*** Opening of SOURCE DATA ***

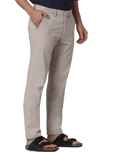 Celio* Men Beige Solid Slim Fit Cotton Trousers
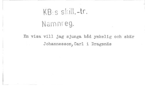 //// KB:s skitt.-tr. //// Narnnreg. //// En visa vill jag sjunga båd ynkelig och skär //// Johannesson/Carl i Dragsnäs ////
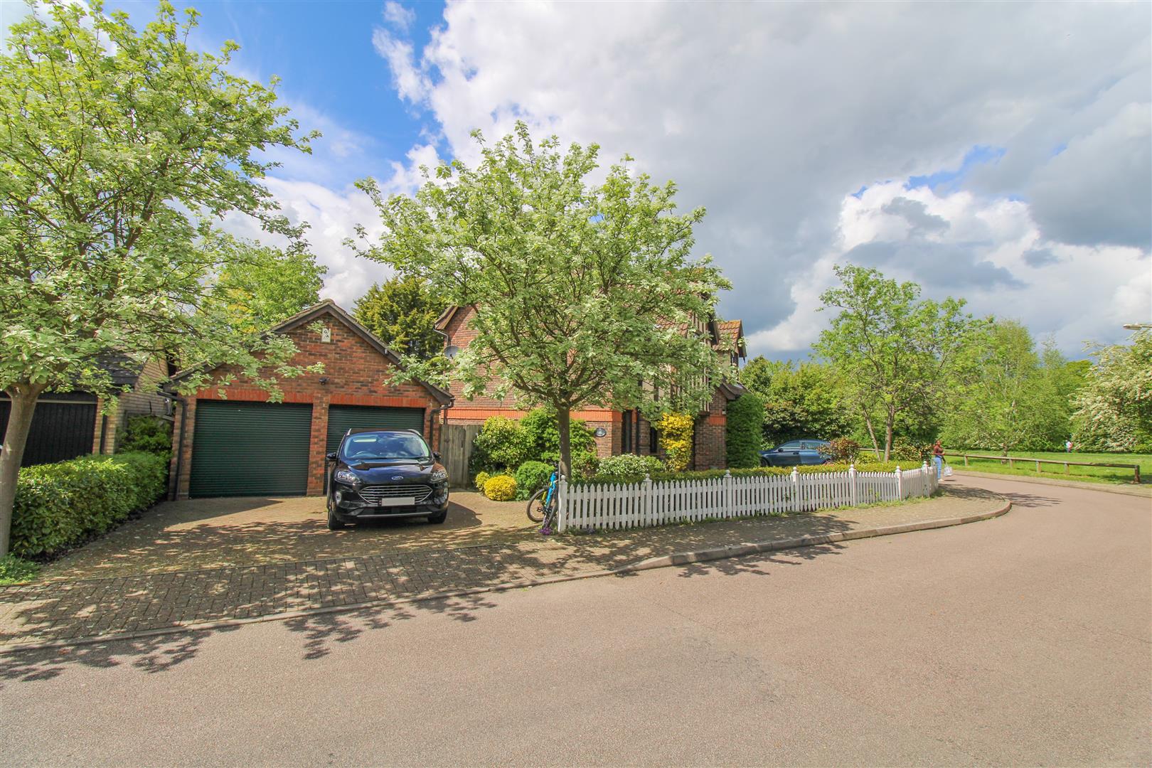 Offered with no onward chain and positioned overlooking the bridle path is this executive four bedroom detached family home with a huge frontage including a detached double garage and driveway for three cars. The ground floor comprises an entrance hallway leading to a lounge, dining room, kitchen with a range of fitted wall and base level units, a large conservatory/extension and a cloakroom/WC. The first floor offers a master bedroom with an en-suite, three further bedrooms and a family bathroom. Outside the west facing rear garden is mainly laid to lawn with a patio area, side access, shed and access to the double garage. Mallards Rise is found just off of Church Langley way and is just a short walk to local shops, schools and open playing fields.
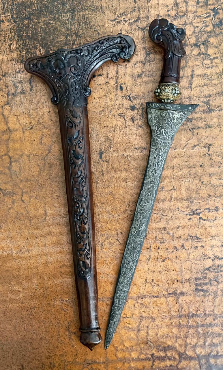 I own a Keris that was given to me by a business associate during a visit to Indonesia years ago and would appreciate any opinions as to the classification of its Dhapur and Pamor. Thanks in advance for your assistance. |
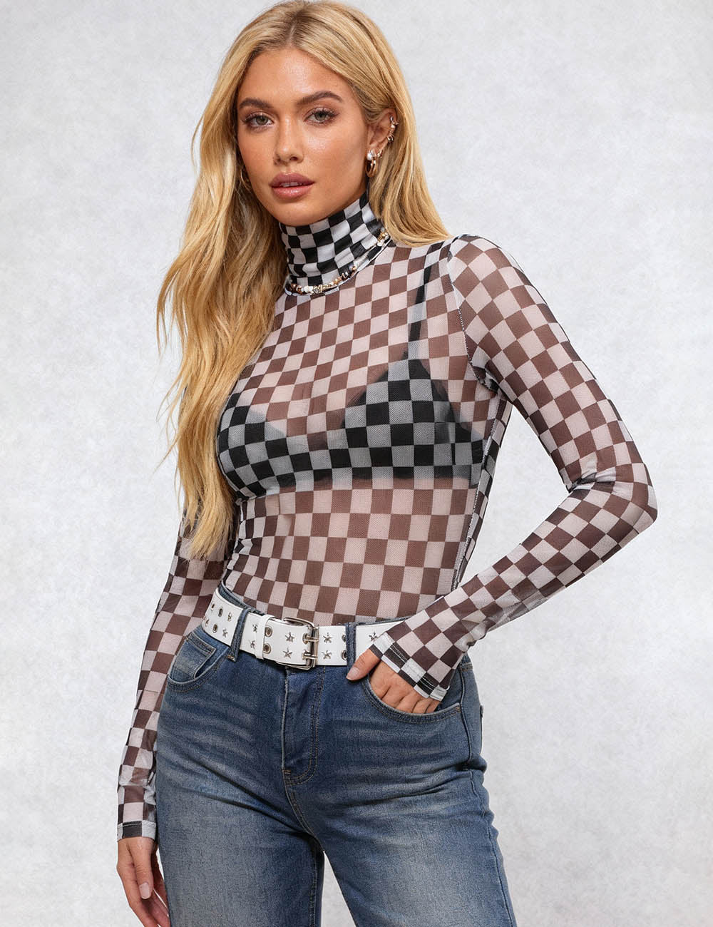 Ladies See Sheer Bodysuit Grid Mesh Layring Top SKT4935
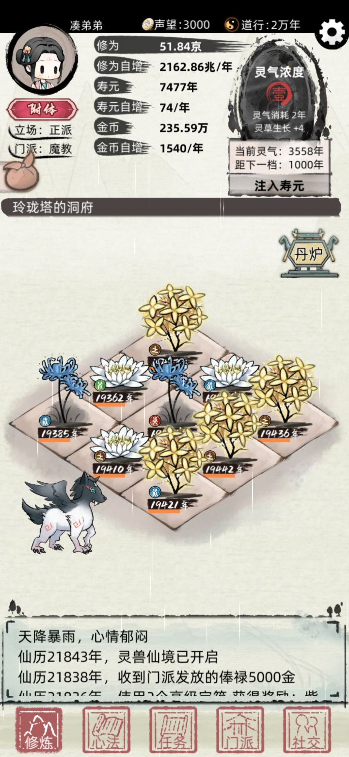 第四部:正派的心法,升级可以自增钱和寿命,最好选择词条有自增钱的功法
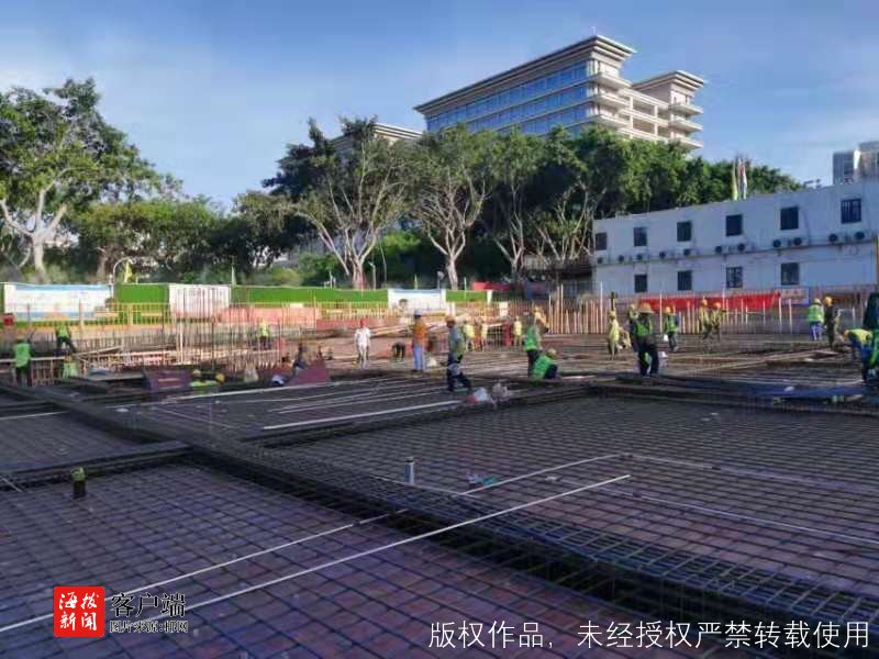 商报全媒体讯(椰网/海拔手机端记者 徐明锋 李兴民 摄影报道)4月13日,位于海口国兴大道的省政务中心二期项目建设现场热火朝天,项目文明施工、有序推进,工人干劲十足。该项目由海南万泰建筑工程有限公司承建,曾荣获海南省首届BIM技术应用大赛“优秀”奖、入选海口市建筑工地扬尘治理“红榜”等。

*** Close of SOURCE DATA ***

§ **EXERCISE AIM**
Extract exactly the lines from the one containing "I own a Keris" through the last line of the records above, both included, and leave out the pictures.

§ **RESPONSE TO THE EXERCISE**
 I own a Keris that was given to me by a business associate during a visit to Indonesia years ago and would appreciate any opinions as to the classification of its Dhapur and Pamor. Thanks in advance for your assistance. |
 Ladies See Sheer Bodysuit Grid Mesh Layring Top SKT4935
 第四部:正派的心法,升级可以自增钱和寿命,最好选择词条有自增钱的功法
 商报全媒体讯(椰网/海拔手机端记者 徐明锋 李兴民 摄影报道)4月13日,位于海口国兴大道的省政务中心二期项目建设现场热火朝天,项目文明施工、有序推进,工人干劲十足。该项目由海南万泰建筑工程有限公司承建,曾荣获海南省首届BIM技术应用大赛“优秀”奖、入选海口市建筑工地扬尘治理“红榜”等。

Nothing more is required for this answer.